As of 7 p.m. Saturday, crews were able to locate the submerged bulldozer at the Robinson Run Portal Mine, according to CONSOL officials.  The dive crew is working to determine the depth of the dozer, will develop a recovery plan and continue searching for the mine employee Sunday morning. 

The call came in to 911 from CONSOL's Robinson Run Mine at 12:17 p.m. on Friday. The incident happened near the Robinson Run Portal, which is just outside of Lumberport.

CONSOL Energy canceled the 4:00-Midnight shift while it continued to work with state and federal mining officials on rescue efforts.

CONSOL confirms that a refuse embankment gave way, causing a bulldozer and two pickup trucks and three employees to slide into a slurry pond on the property.  It said the embankment remains unstable and continues to shift, creating difficult rescue conditions.

You can see the pond in this aerial view from Google Maps.

Harrison County EMS and HealthNet helicopters were called in.

CONSOL said one employee was transported by ambulance to UHC in Bridgeport and was treated and released.

Another man was flown to Ruby Memorial Hospital, in Morgantown.  He is in stable condition and was likely kept overnight for observation, according to CONSOL.

Firefighters are still searching for the third employee, according to officials.  Crews are draining the pond to find the man, who is still unaccounted for, according to Governor Earl Ray Tomblin.

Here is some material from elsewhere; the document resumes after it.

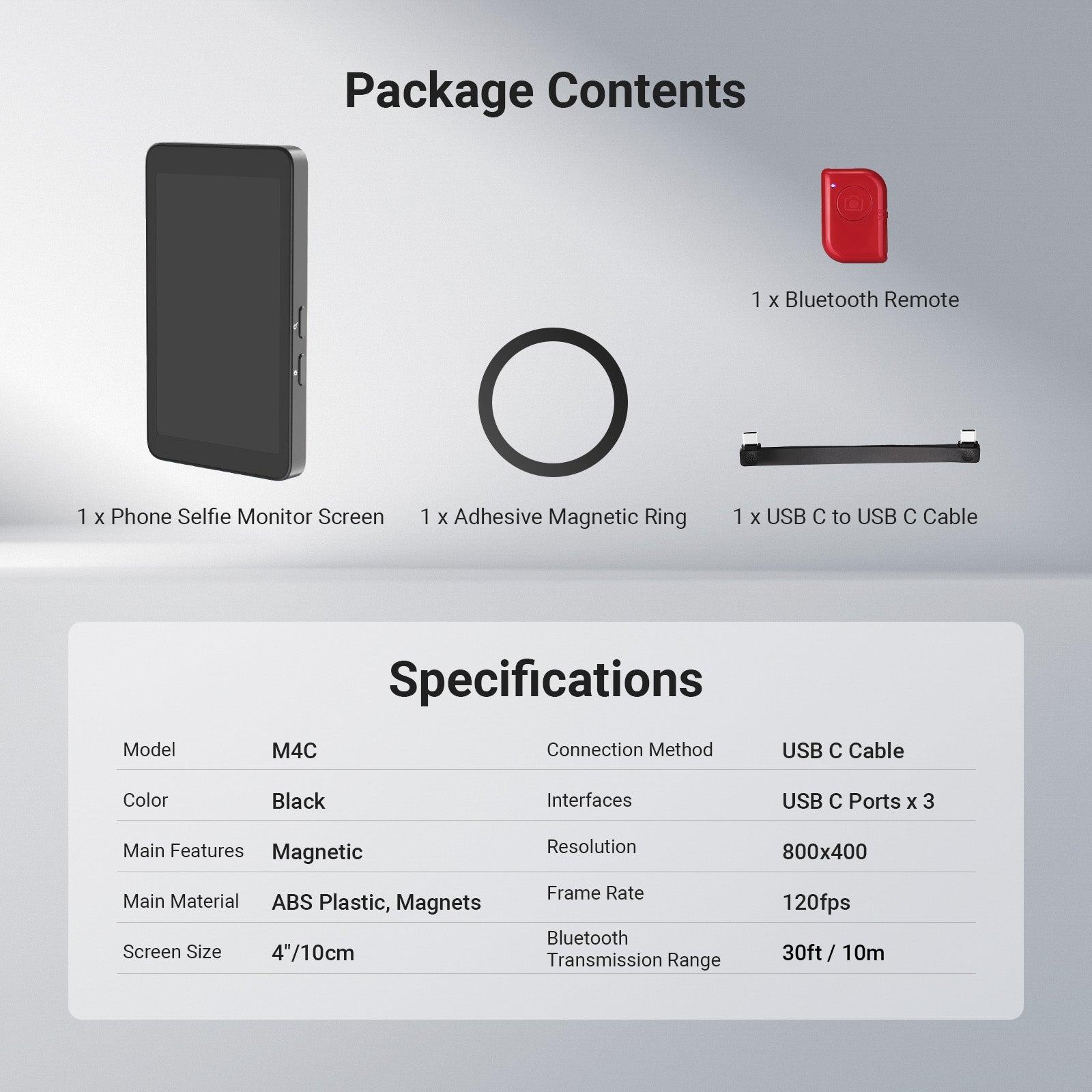 - 3 USB C Ports- For screen mirroring, microphone connection, and power delivery to phone when connected to an external power source, this magnetic mini selfie monitor screen compatible with iPhone & Android phones is portable for on the go vlogs and travel films

The DEP has a helicopter trying to locate the dozer, and a boat is probing the bottom with a rod, according to MSHA officials.  The last inspection of the facility was Oct. 16 and there were not any violations listed in the report from that inspection, according to Kathy Cosco with the DEP.  

The standing water depth of the pond is about 12 feet. A survey team has been brought in to quadrant the area where the dozer is believed to be. A boat with sonar is getting ready to be launched. MSHA personnel are on site, along with company, state and UMWA officials, according to MSHA officials.

Firefighters from Lumberport, Shinnston and Nutter Fort, along with the Harrison County and Monongalia County dive teams, were also called to the scene, according to 911 officials.

The Harrison County Sheriff's department also responded.

State and federal mining officials were notified and are on the scene, CONSOL officials said.

The West Virginia Office of Miners' Health, Safety and Training has been notified and has dispatched investigators to the scene, officials said. 

Gov. Earl Ray Tomblin issued the following statement Friday night:  "Today, four families were shaken by the unexpected but always present danger associated with mining. While we strive to ensure the safety of our coal miners, accidents do occur," Gov. Tomblin said. "Joanne and I pray for the miners and their families. We ask all West Virginias to do the same."